After arriving in Bangkok in urgent need of an affordable dentist, Osborne finds it is a good place to loiter a while. Bangkok Days explores the theme of transformation, from sex change operations to the desire for a new beginning that underlines the lives of the foreigners Osborne meets who have made Bangkok their home. Without ignoring Bangkok’s seedier side, he finds beauty in every corner of the city.


Fieldwork, by Mischa Berlinski (2008)

A novel in which Berlinski appears as the character of a young American journalist who, after following his girlfriend to Chiang Mai, investigates the suicide of an anthropologist serving a 50 year sentence for the murder of a missionary in a remote fictional hill-tribe village.
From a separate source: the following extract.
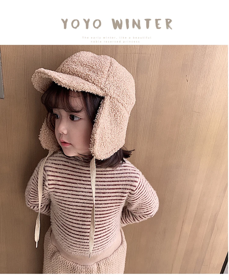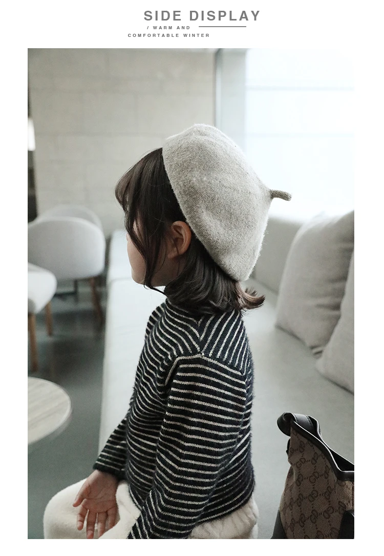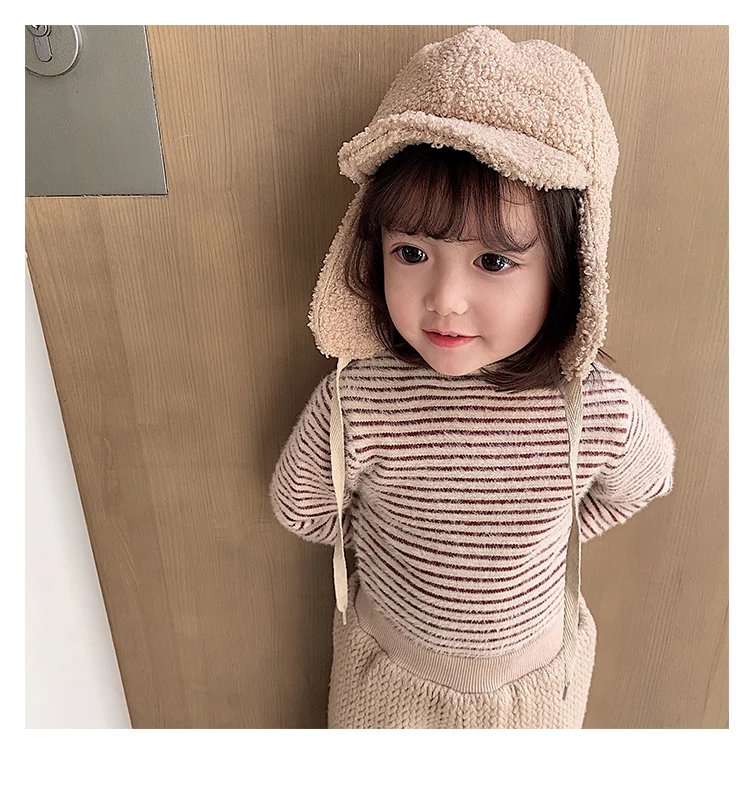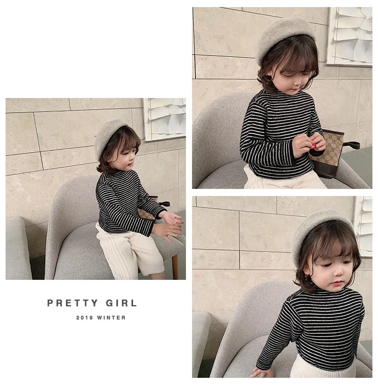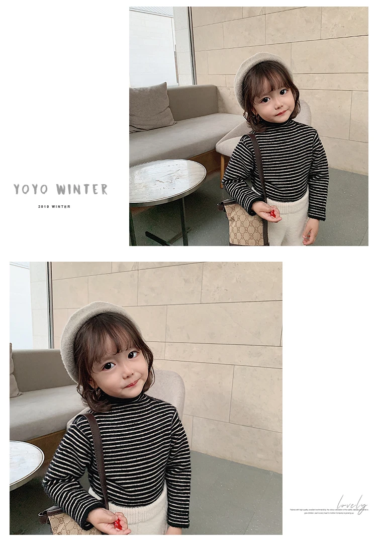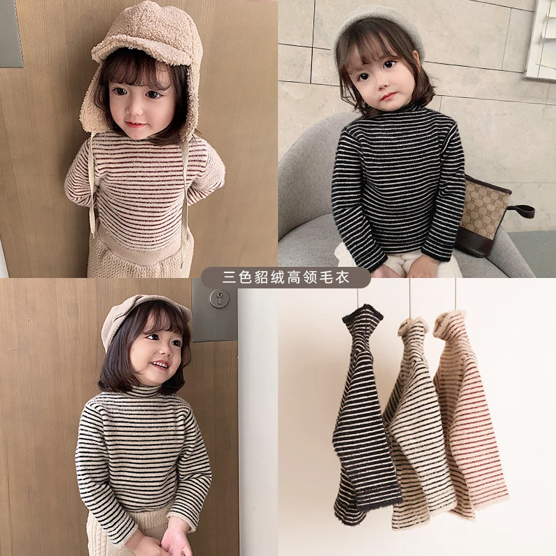 4097/2020 Newest High Quality Mink Cashmere All-match Girl Stripe Top Winter Fashion Warm Kids Clothes
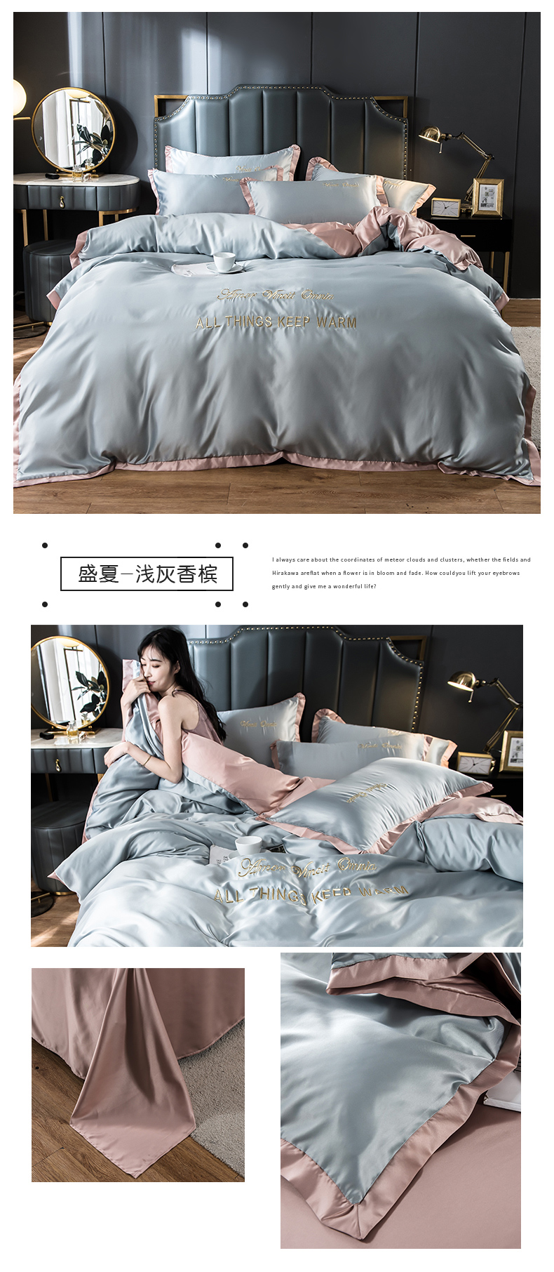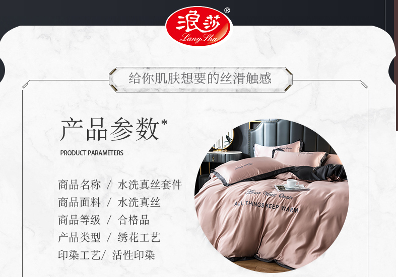 浪莎四件套水洗真絲北歐風被套床笠床單裸睡冰絲春夏秋季床上用品

The author weaves in research originally intended for a non-fictional account of the conversion of the Lisu ethnic group to Christianity.


Sightseeing, by Rattawut Lapcharoensap (2005)
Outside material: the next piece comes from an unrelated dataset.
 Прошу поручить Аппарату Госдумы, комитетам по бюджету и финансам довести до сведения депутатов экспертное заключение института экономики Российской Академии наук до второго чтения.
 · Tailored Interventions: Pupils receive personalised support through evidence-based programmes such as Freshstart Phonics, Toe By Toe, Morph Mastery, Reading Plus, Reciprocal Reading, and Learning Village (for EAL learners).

A collection of short stories in which the author, who was born in Chicago but grew up in Bangkok, explores tensions in modern day Thailand, including the sometimes uneasy relationship between tourists and locals. The youthful innocence and optimism of the teenage narrators adds a poignancy to the tales which take place against a backdrop of gangs, cockfights, shantytowns, beaches and mango trees.


Thailand Confidential, by Jerry Hopkins (2005)

A collection of essays by former Rolling Stone journalist Hopkins, who first came to Thailand as a tourist in the 1980s and ended up a permanent resident, that depict both what visitors most love about Thailand and much of what they don’t.


Bangkok 8, by John Burdett (2004)

On the surface this book is a whodunit thriller that opens with the gruesome murder (by snake) of a US marine. Narrated by police detective Sonchai Jitpleecheep, the son of a Thai bar girl and an American soldier, it is the voice of Sonchai that draws the reader into a deeper understanding of Thai Buddhist way of thinking and acceptance of life’s seemingly illogical twists and turns.


The Beach, by Alex Garland (1998)

The essential Thailand beach read about an English backpacker in search of an undiscovered paradise away from commercialised tourism who finds apparent utopia on a secluded island off the coast of Ko Samui. The 2000 film adaptation starring Leonardo DiCaprio was mostly filmed, however, on the Ko Phi-Phi islands off Thailand’s Andaman coast.


Jasmine Nights, by SP Somtow (1995)

A 12-year-old boy who has lived a sheltered life with his three eccentric aunts in an upper class family compound in 1960s Bangkok uses classical fiction to escape the fake, flawed world he inhabits while waiting to start school at Eton.


Touch the Dragon, by Karen Connelly (1992)

The diary of a 17-year-old Canadian who spends her final year of high school in a small village in northern Thailand as part of an exchange programme. Initially homesick and frustrated by local customs, Connelly later becomes so accustomed to her new way of life that the idea of returning to Canada alarms her.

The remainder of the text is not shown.